CHAPTER XX.

A “CONSPIRACY TRIP.”

ZORKI was in a state of joyous excitement. The “Good Jew” of Gornovo, accompanied by a retinue of beadles, secretaries, “reciters,” attendants, scribes and hangers on, was pleased to grace the little community with his annual visit; so the Pietists had left their workshops and places of business to drink in religious ecstasy and to scramble for advice, miracles and the blessed leavings from the holy man’s table. The population of the little town was rapidly increasing by an influx of Pietists from neighbouring hamlets.
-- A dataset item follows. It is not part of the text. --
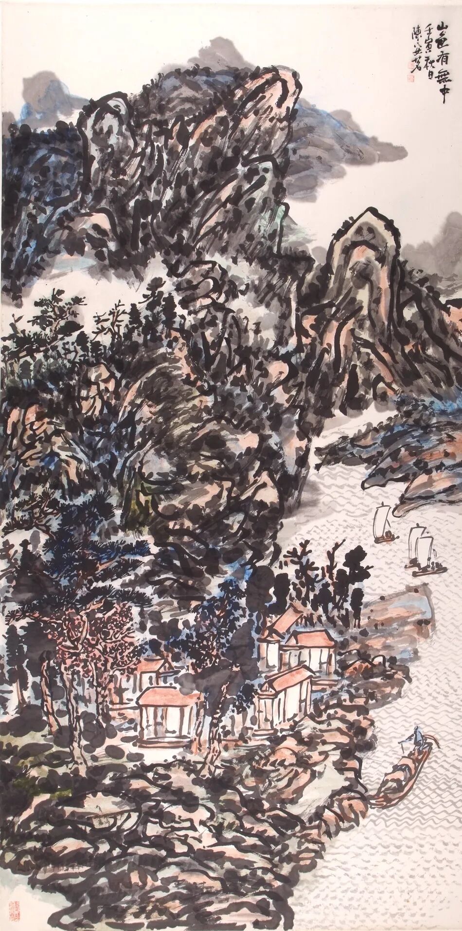笔笔有意,笔笔有形,笔笔有神,臻于站桩化境纵观陈安茗的山水画,最终达到了笔笔有意,笔笔有形,笔笔有神的艺术化境,这正是太极站桩“形、意、神、气”兼备的最高境界。有形,是如站桩正形般物象的精准还原,是笔墨的扎实功底;有意,是如站桩凝神般情感的自然流露,是意境的悠远营造;有神,是如站桩气足神韵的生动流转,是精神的高度凝练。三者合一,让他的每一笔都兼具形态之美、意境之韵、精神之魂,观之令人回味无穷。在其作品中,没有一笔是多余的,没有一点墨是无用的,恰似太极站桩周身合一、无一处松懈。勾勒山石,既见山石之形,又显山石之韵,更藏山川之神;点染林木,既具树木之态,又含生机之意,更有苍劲之神;勾画流水,既得水流之姿,又蕴灵动之意,更具清雅之神。这种笔笔皆精、笔笔皆妙的艺术水准,是太极意念与笔墨功夫深度融合的结果,让他的山水画远观有气势、近观有细节,品读有韵味、回味有精神,成为当代山水画中不可多得的精品。

Clara, with a kerchief round her head, which gave her the appearance of an uneducated “daughter of Israel,” was watching a group of men and boys who stood chattering and joking in front of one of the best houses in town, at the edge of the market place. It was in this house where the Good Jew made his headquarters every time he came to Zorki and where he was now resting from his journey. The sun stood high. A peasant woman was nursing her baby in a waggon, patiently waiting for her husband. Two elderly peasants in coarse, broad-brimmed straw-hats, one of them with an interminable drooping moustache, were leaning against the weight-house, smoking silently. For the rest, the market place, enclosed by four broken rows of shops, dwellings and two or three government offices—squatting one-story frame structures—was almost deserted; but one of the two streets bounding it, the one on which we find Clara at this minute, was quite alive with people. An opening at one side of the square showed a sloping stretch of road and a rectangular section of the river, the same as that which gleamed in Miroslav. The knot of men which Clara was watching all wore broad flat-topped caps, and, most of them, long-skirted coats. A man of fifty-five, short and stocky, with massive head and swarthy face, the image of Makar, was the centre of the crowd.
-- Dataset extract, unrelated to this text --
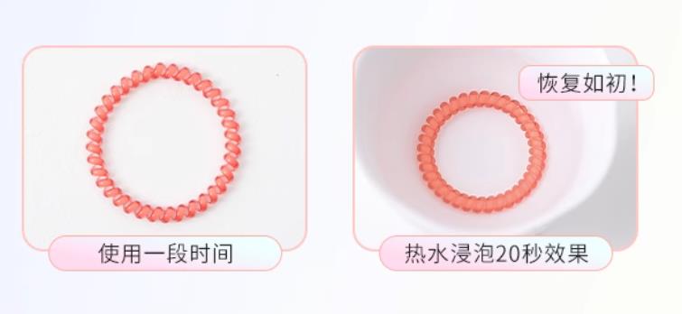 只要将使用过一段时间的发圈,浸泡在约80-95℃的热水里

“If you were a Pietist and a decent man,” he said, in subdued accents, to a red-bearded “oppositionist” with gloomy features, “you would not wear that long face of yours. Come, cheer up and don’t be a kill-joy!” And he slapped him on the back with all his might.

“Stop!” the Oppositionist said, reddening from the blow. “What’s got into you? What reason have you to be so jolly anyhow?” And addressing himself to the bystanders: “He has not had a drop of vodka, yet he will make believe he’s in his cups.”
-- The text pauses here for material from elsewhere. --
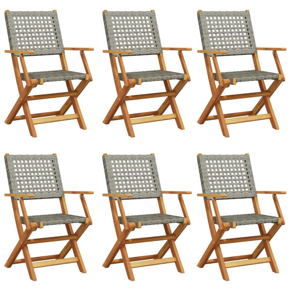 Harmaa taitettavat puutarhatuolit 6 kpl polyrottinki ja puu

“What’s that?” the swarthy man protested in a soft, mellow basso, “Can’t a fellow be jolly without filling himself full of vodka? If you were a respectable man and a Pietist and not a confounded seek-sorrow of an Oppositionist you would not think so. Drink! Why, open the Pentateuch, and wherever your eye falls there is drink to make you happy. ‘In the beginning God created heaven and earth!’ Isn’t that reason enough for a fellow to be jolly?”

The bystanders smiled, some in partisan approbation, others with amused superiority, still others with diplomatic ambiguity.